Wow! Numbers are fun! Nebraska fits in too! 1.856 million! How about North Dakota?!?!?! .699 million.
BUZZZZ!!! Awe, too bad, we went over the Jersey line.
@Rob in CT: (he couldn’t have done it with out the help of his good buddy Bill Ayers)
Landslide win here. Despite the FUD. Sweet
inside newark he was known as the guy who didn’t live in newark! his cop escorts alerted him to fun photo-ops and such, and the media just ate it up with no questions asked.
@grumpy realist: Thank you. After my earlier Monty Python reference went over a few heads, I was worried no one would catch the Lehrer allusion.
@bill:
Just so you know, Bill, the people you listen to in the media are lying to you. Constantly.
http://www.slate.com/blogs/weigel/2013/10/15/birther_director_claims_that_cory_booker_does_not_live_in_newark.html
Do you want to be lied to, Bill? Do you like it?
My brother used to say stuff like this all the time. Of course he was in high school back then.
Actually, the more relevant bit from the Weigel blog post:
The Daily Caller or whatever sewer you read is not credible. They publish garbage, Bill. They lie to you.
@bill: “inside newark he was known as the guy who didn’t live in newark! ”
According to all those Newark natives you hang out with, right? I mean, Newark insiders Rush and Sean…
@Rob in CT:
I love that I got a downvote for that.
Don’t want to hear it, do you? The Daily Caller produces agiprop, not news.
@Rob in CT: I love that I got a downvote for that.
Wasn’t me, dude. I don’t care for those games.
I disagree with you, as I think TheDC does some good stuff, but I ain’t gonna downtwinkle you over it. And there are some public documents that support TheDC’s story — like the lease on one of Booker’s “homes” being in the name of the Newark PD.
@Jenos Idanian #13:
I didn’t think it was you, Jenos.
As for the DC, You are very credulous when it comes to their work. They tell you things you want to believe, and you believe them. Anyone can fall victim to that.
@Jenos Idanian #13:
It’s all good, though. Frank Lautenberg lived in New York, too.

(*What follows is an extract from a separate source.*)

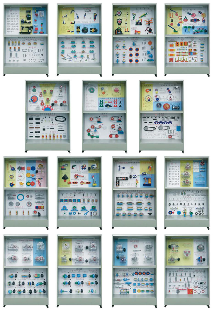 機(jī)械綜合陳列柜,該設(shè)備是根據(jù)大中專院校、職業(yè)學(xué)校的教學(xué)大綱設(shè)計(jì)的多功能機(jī)械綜合示教室是一套《機(jī)械原理》、《機(jī)械零件》、《減速器》共500余種模型,分三大類合并成的電化教學(xué)設(shè)備。共15個(gè)柜,30個(gè)板面。該設(shè)備采用新型觸摸液晶屏電腦控制主控臺(tái)。mpc解說(shuō),觸摸屏、遙控控制,聲控同步循環(huán)播放進(jìn)行演示;又根據(jù)教材,教學(xué)需要而任意選擇單獨(dú)運(yùn)轉(zhuǎn)演示。本產(chǎn)品的特點(diǎn):使作方便,占地面積小,結(jié)構(gòu)新穎實(shí)用,制作工藝更加美觀,整套設(shè)備演示形象逼真,運(yùn)行可靠,有效的提升了教學(xué)生動(dòng)性、趣味性及產(chǎn)品壽命。是一套現(xiàn)代化的機(jī)械課程示教室設(shè)備。

http://www.politickernj.com/wallye/20265/does-lautenberg-live-new-jersey-or-new-york-his-aide-gives-mixed-signals
@Rob in CT: his neighbors must be lying then, like it matters. Hey, if rahm can get away with it then why not corey ?
yes bill…once you’ve been shown to be wrong…don’t change your mind…double down on the crazy.
@bill:
Nice illustration of the fact that you’re unreachable, bill. The sources you trust are lying to you. I showed you this. You could get angry at the people who lied to you, but no.
The people at the DC played you for a fool, and will again. How does that feel? Does it feel good?
@Rob in CT: you want to reach me? wanna text or something? i don’t get mad over superfluous bs, it’s humorous at best. you believe what you read- good for you.
How old must that get? Do they ever have a rally in NJ that doesn’t have Bon Jovi songs? I mean, Springsteen I could handle, but Bon Jovi?